** Opening Available data block **
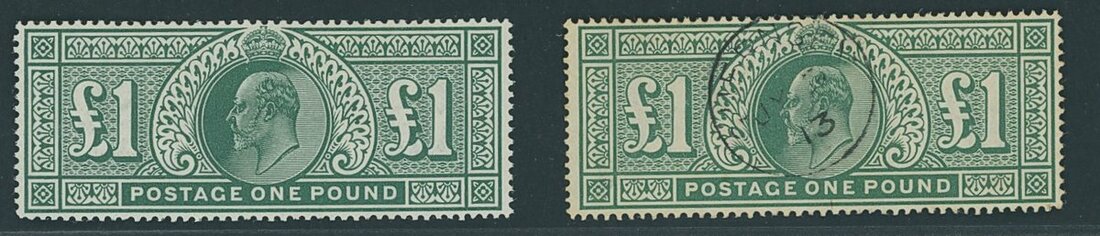 £1 deep green (2), one large part original gum, the other used with some foxing. Scarce. Spec. £2,750
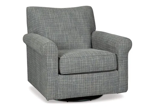 Sporting a tantalizing tweed weave fabric in such a soothing blue hue, the Renley swivel glider accent chair gives the classic roll arm chair a modern twist. Smooth, 360-degree swivel caters to your comfort—and your viewing pleasure. Gentle glider feature is designed to rock your cares away.
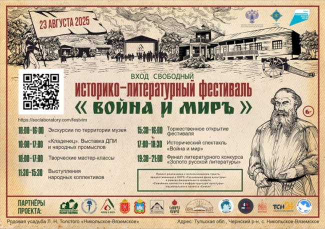В конце августа, 23-го числа, в селе Никольское-Вяземское состоится V Историко-литературный фестиваль «Война и Мир». Мероприятие приурочено ко дню рождения Льва Толстого, который отмечается 28 августа по старому стилю.
** Closing Available data block **
What to work on: You are asked to reproduce each line above exactly, but to exclude the pictures.

Response below:
 £1 deep green (2), one large part original gum, the other used with some foxing. Scarce. Spec. £2,750
 Sporting a tantalizing tweed weave fabric in such a soothing blue hue, the Renley swivel glider accent chair gives the classic roll arm chair a modern twist. Smooth, 360-degree swivel caters to your comfort—and your viewing pleasure. Gentle glider feature is designed to rock your cares away.
В конце августа, 23-го числа, в селе Никольское-Вяземское состоится V Историко-литературный фестиваль «Война и Мир». Мероприятие приурочено ко дню рождения Льва Толстого, который отмечается 28 августа по старому стилю.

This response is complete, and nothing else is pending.